Computing gradients using autodiff

In [47]:
def f(w1, w2):
    return 3 * w1**2 + 2 * w1 * w2


w1, w2 = 5, 3
eps = 1e-6
(f(w1 + eps, w2) - f(w1, w2)) / eps

36.000003007075065

In [48]:
(f(w1, w2 + eps) - f(w1, w2)) / eps

10.000000003174137

In [49]:
# to compute the gradients automatically you can use the tf.GradientTape class
w1, w2 = tf.Variable(5.0), tf.Variable(3.0)
with tf.GradientTape() as tape:
    z = f(w1, w2)

gradients = tape.gradient(z, [w1, w2])
gradients
# in order to save memory only put the strict minimum inside the tf.GradientTape block or pause recording gradients using tape.stop_recording()

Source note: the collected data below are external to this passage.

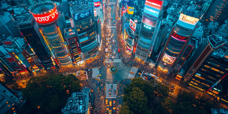 Elevated night view of crowded crosswalk in neon-lit city center, encapsulating urban energy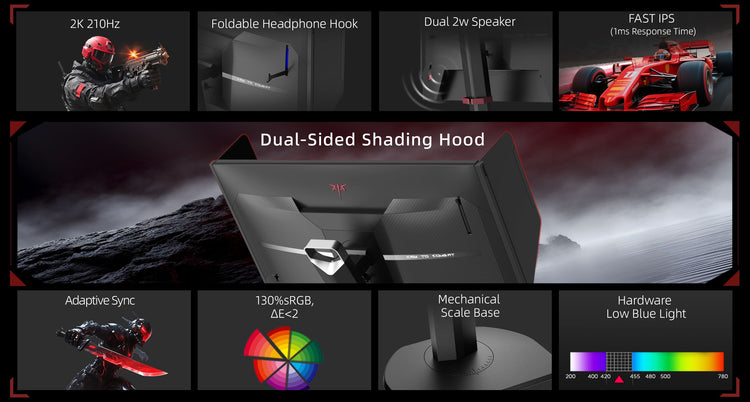 The 27-inch Fast IPS panel offers sharp 2K resolution, 210Hz refresh rate, and 1ms response for smooth, tear-free gameplay.Dual speakers, headset hook, base scale, and detachable side shields enhance both function and style.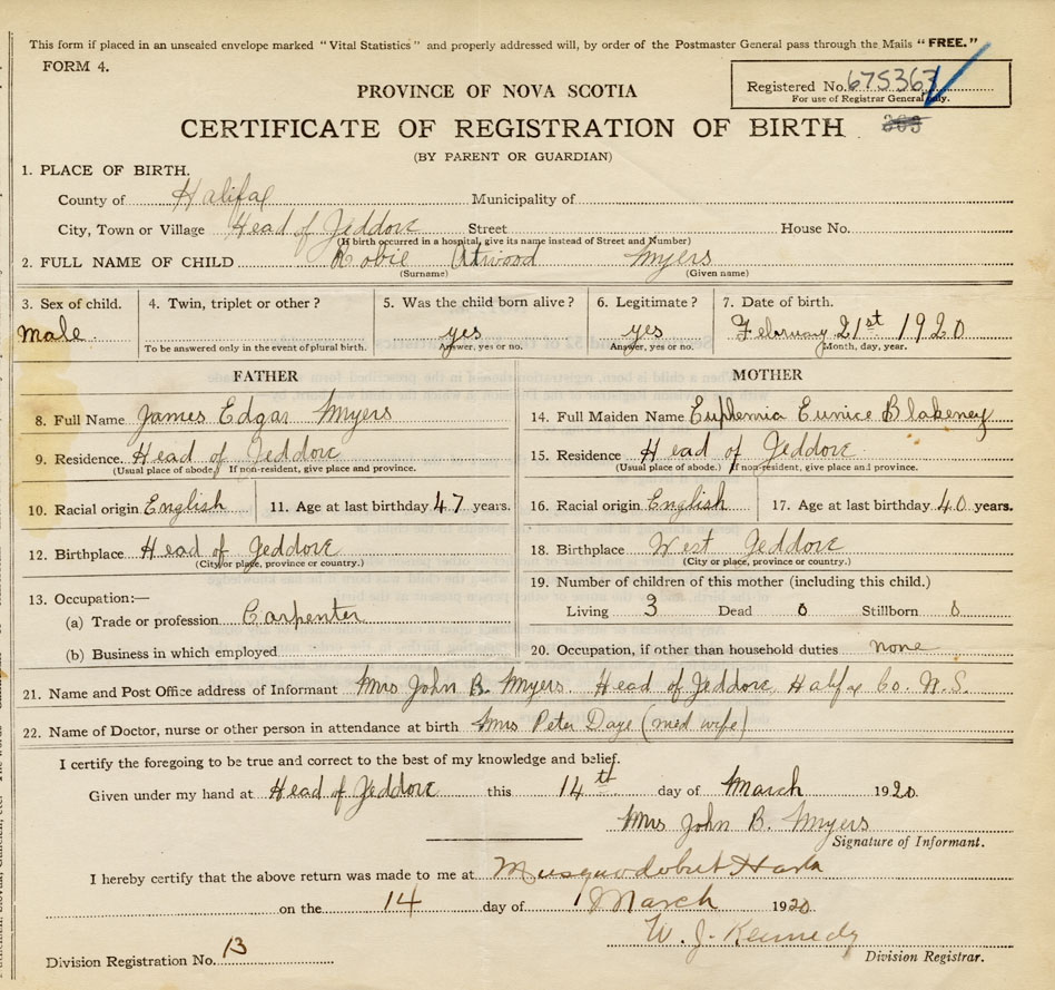 21. Name and Post Office address of Informant Mrs. John B. Myers Head of Jeddore, Halifax Co.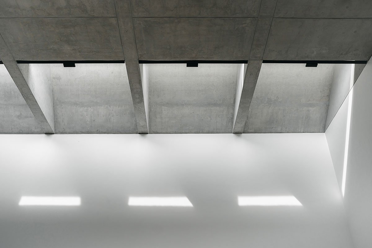 Skylights punctuate the roof, introducing soft, diffused daylight into the double-height weaving space and gallery. This design approach eliminates harsh shadows and direct glare, ensuring an atmosphere that is both luminous and serene. While maintaining a strong architectural presence externally, the interiors remain bathed in gentle, natural light.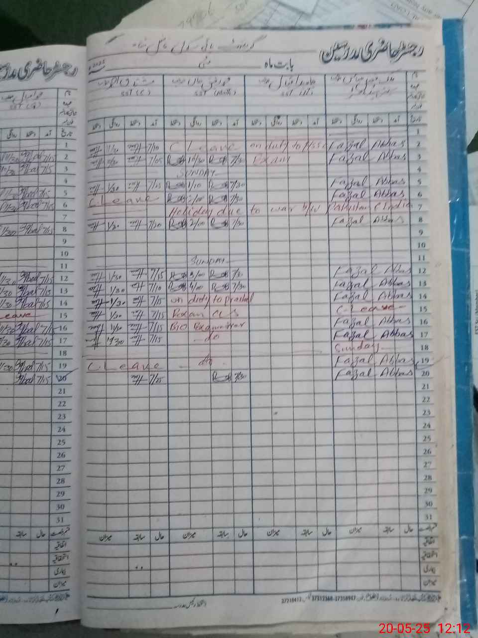 | CNIC | Full Name | Designation | R/C | Absence During Last Calender Month |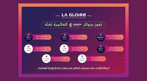 وقد فازت شركة زهرة المجد لإدارة وتنظيم الفعاليات "La Gloire" بهذه الجوائز من بين أكثر من 1200 متقدم للجائزة من 65 دولة حول العالم عن العديد من الفعاليات والمعارض التي قاموا بتنفيذها والعمل عليها.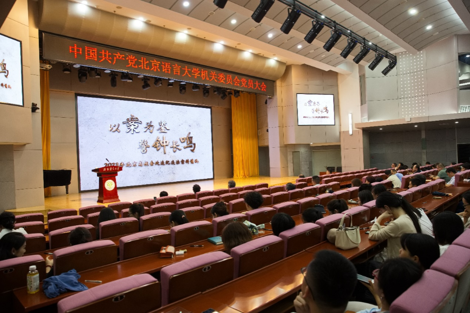 为深入学习贯彻习近平总书记关于党的自我革命的重要思想和二十届中央纪委三次全会精神,认真落实《北京语言大学党纪学习教育实施方案》等精神,进一步推动机关党纪学习教育工作走深走实,坚持一体推进党性党风党纪教育,学校机关党委于5月23日下午召开党员大会,集体观看警示教育专题片。党组织关系在机关的校领导学校党委副书记魏晖,党委常委、副校长张宝钧,党委副书记、纪委书记罗建晖和党委常委、党委统战部部长吕静,党委常委、党委组织部部长张健等近200名党员参加了学习。大会由机关党委书记李志坚主持。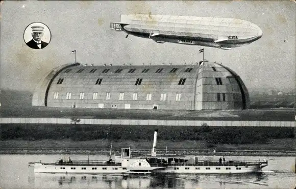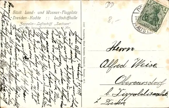Ak Dresden Kaditz, Städtischer Land- und Wasser-Flugplatz, Zeppelin-Luftschiff Sachsen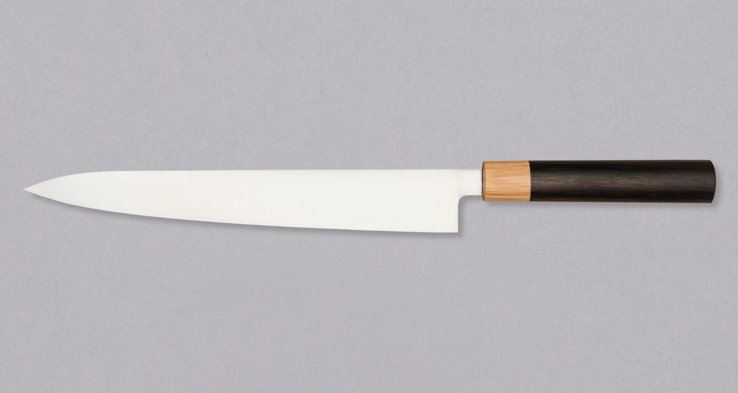A Slicer (jap. Sujihiki) is a knife with a long and narrow blade, especially designed to cut thin slices of meat. It is also used for many kitchen jobs, where precision is of paramount importance. Suitable for all cooking enthusiasts and professional chefs. This is a knife that was missing in the knife bag of all you sushi masters and steak eaters out there!Â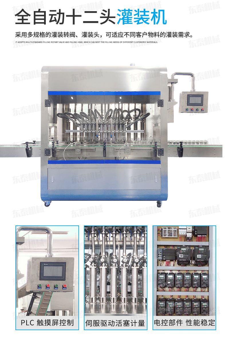 2、灌裝機(jī)以進(jìn)口PLC電腦控制、伺服驅(qū)動計量,全彩色觸摸屏人機(jī)界面,一鍵完成計量切換確保容量之調(diào)整簡易、快捷、準(zhǔn)確。是任何形式的灌裝機(jī)無法替代的;
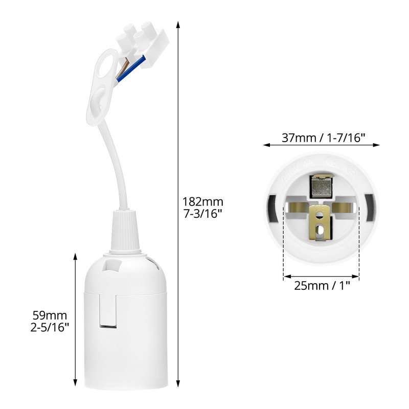 - Easy to Use The lamp holder with cable is easy to install, the cable is properly connected to the positive and negative pole, then connect the bulb.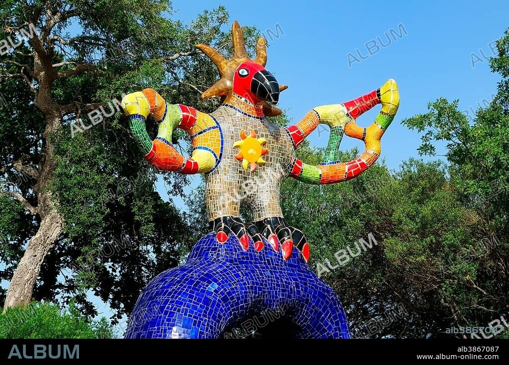Colorful sculpture in the Giardino dei Tarocchi or Garden of the Tarot, by Niki de Saint Phalle and Jean Tinguely in Capalbio, Province of Grosseto, Tuscany, Italy, Europe
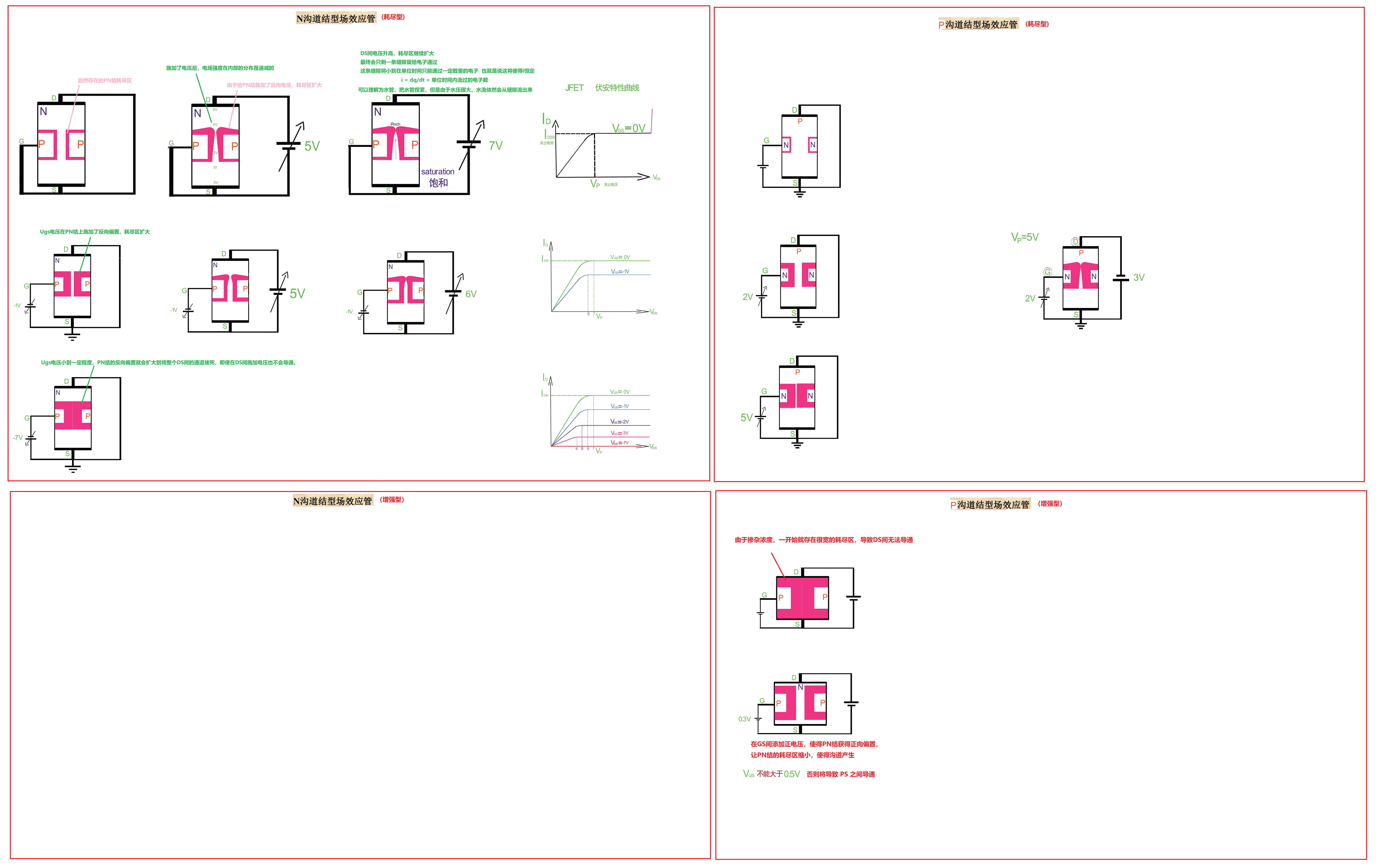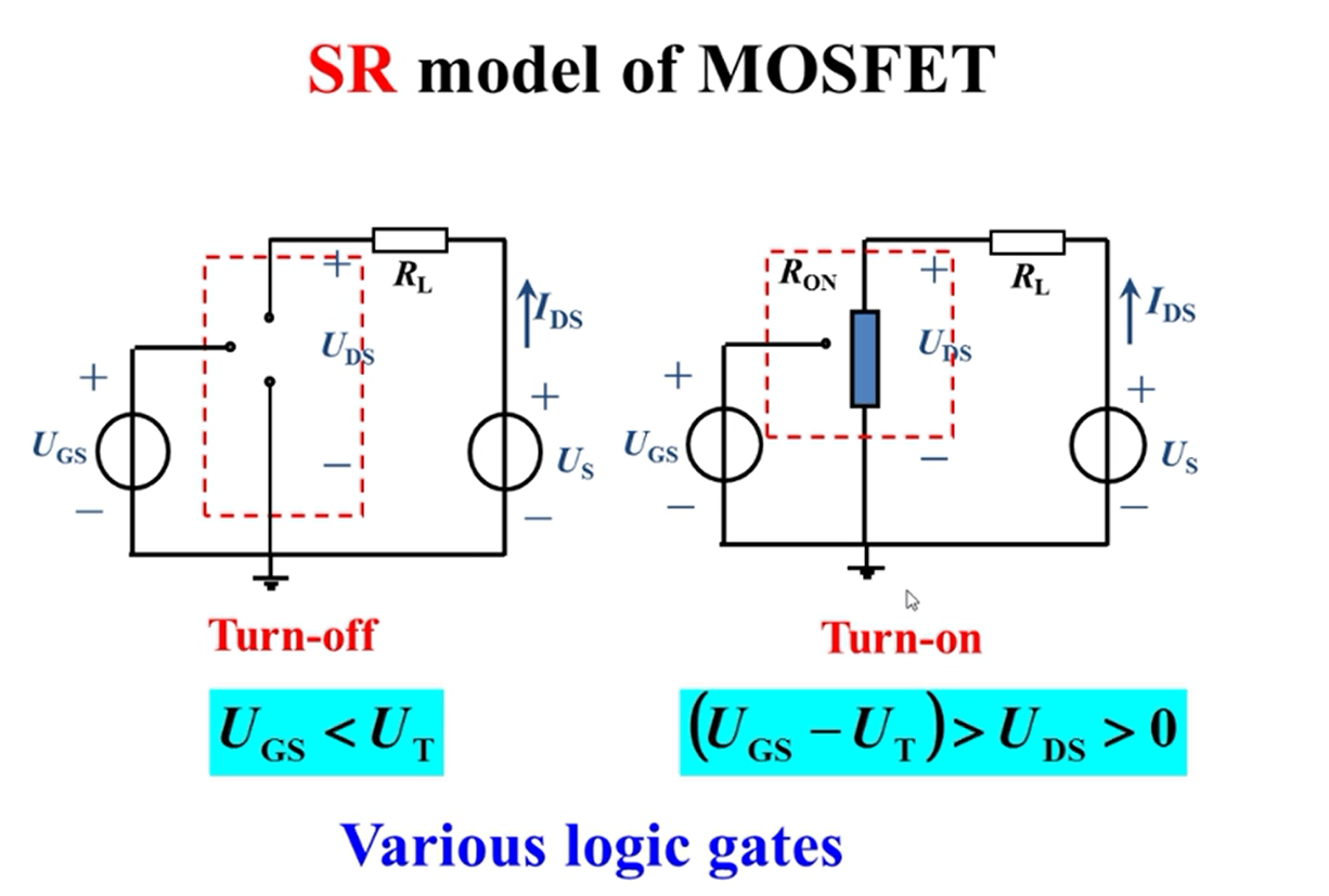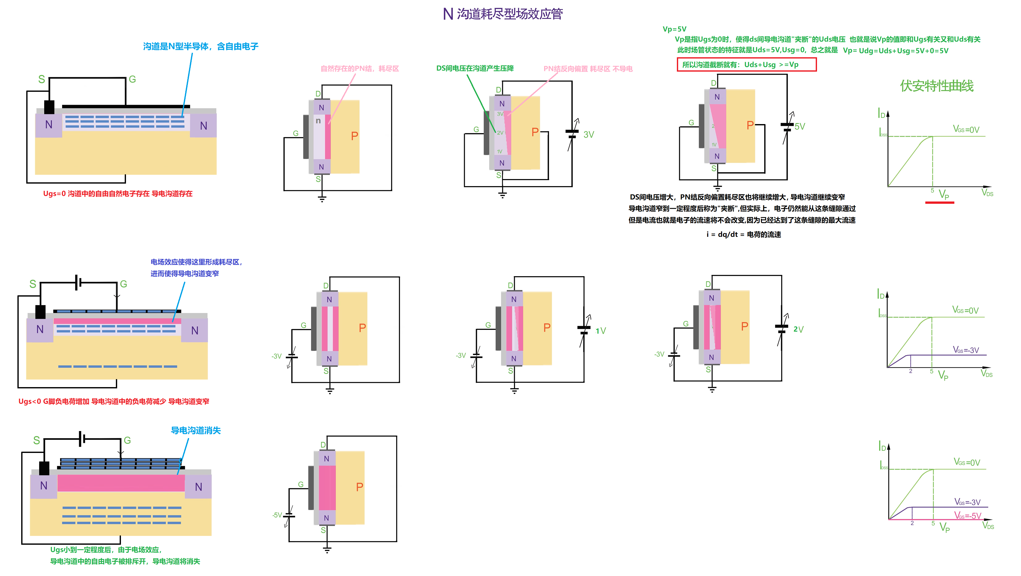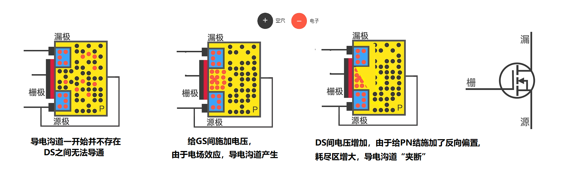 - 当达到Ugs>=Uds+Ut时,栅极和基座间的等效电容电压>=Ut,DS间的导电沟道因电场效应而导致宽度>=0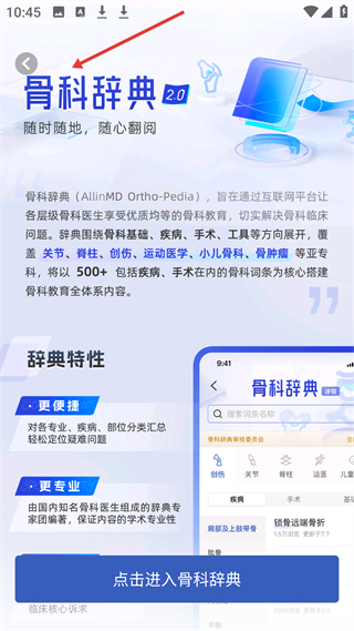 4、骨科辭典頁(yè),通過(guò)互聯(lián)網(wǎng)提供骨科教育,圍繞基礎(chǔ)、疾病等方向,涵蓋多亞專(zhuān)科,以500詞條搭建骨科教育體系。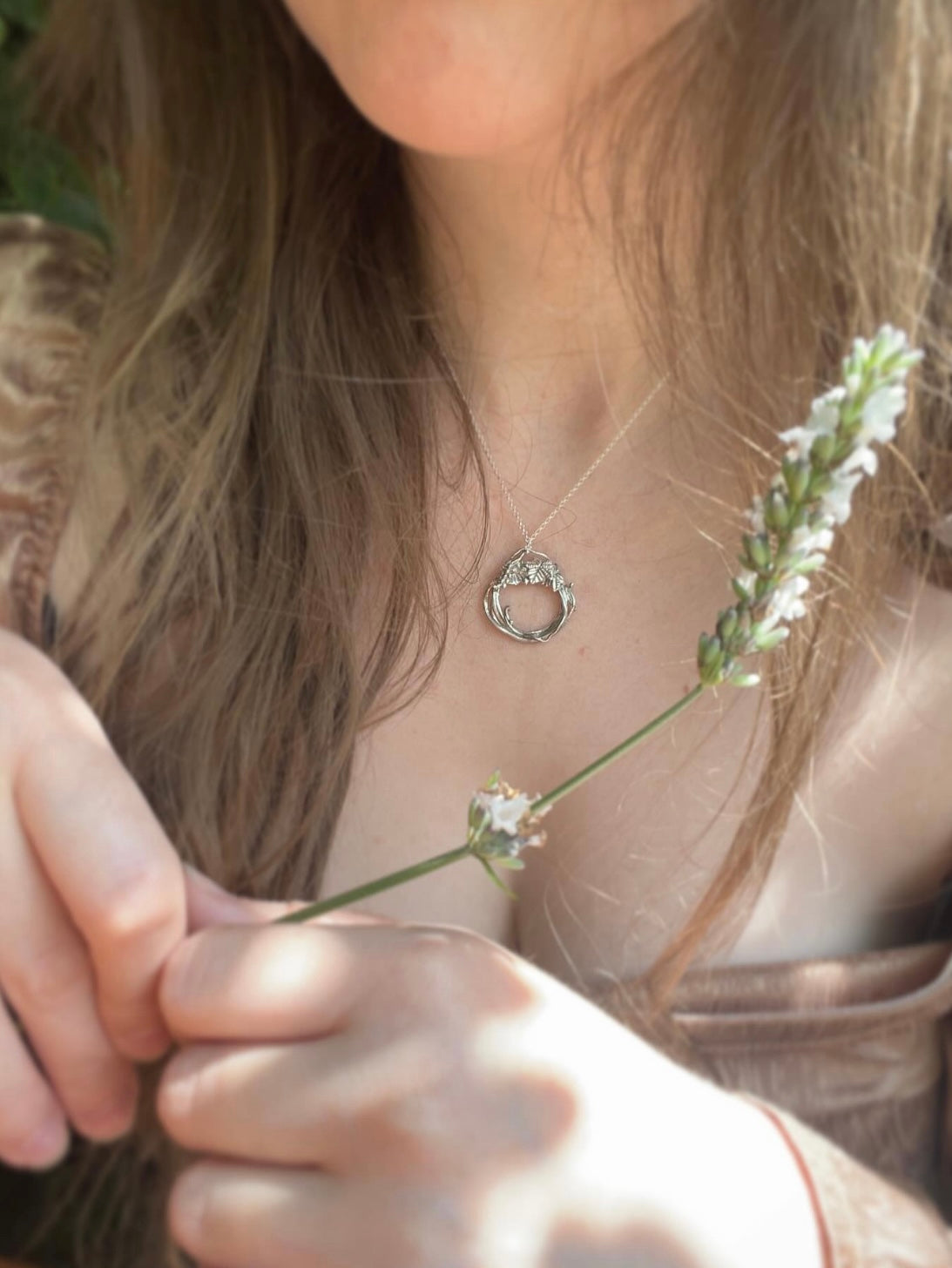 Handcrafted sterling silver wreath pendant with leaf and grape detail. A one of a kind piece that can never be duplicated. Hallmarked by the London Assay Office.

[<tf.Tensor: shape=(), dtype=float32, numpy=36.0>,
 <tf.Tensor: shape=(), dtype=float32, numpy=10.0>]

In [50]:
# the tape is automatically erased after you call its gradient() method so you will get an exception if you try to call gradient() twice
with tf.GradientTape() as tape:
    z = f(w1, w2)

dz_dw1 = tape.gradient(z, w1)
# dz_dw2 = tape.gradient(z, w2) # this would raise an exception

In [51]:
# if you need to call gradient more than once you must make the tape persistent and delete it each time that you are done with it to release resources
with tf.GradientTape(persistent=True) as tape:
    z = f(w1, w2)

dz_dw1 = tape.gradient(z, w1)
print(dz_dw1)
dz_dw2 = tape.gradient(z, w2)
print(dz_dw2)
del tape

tf.Tensor(36.0, shape=(), dtype=float32)
tf.Tensor(10.0, shape=(), dtype=float32)


In [52]:
# by default the tape will only track operations involving variables so if you try to compute the gradient of z with regard to anything else it will return None
c1, c2 = tf.constant(5.0), tf.constant(3.0)
with tf.GradientTape() as tape:
    z = f(c1, c2)
gradients = tape.gradient(z, [c1, c2])
gradients
# this can be usefull if you want to impliment a regularization loss that penalizes activations that vary a lot when the inputs vary little

[None, None]

In [53]:
# if you want to compute the gradients of a vector you have to call the Jacobian() method to get a matrix containing all the partial derivatives
# in some cases you may want to stop gradients from backpropagating through some part of your neural network this is usefull for freezing lower layers when training a new DNN on top
def f(w1, w2):
    return 3 * w1**2 + tf.stop_gradient(2 * w1 * w2)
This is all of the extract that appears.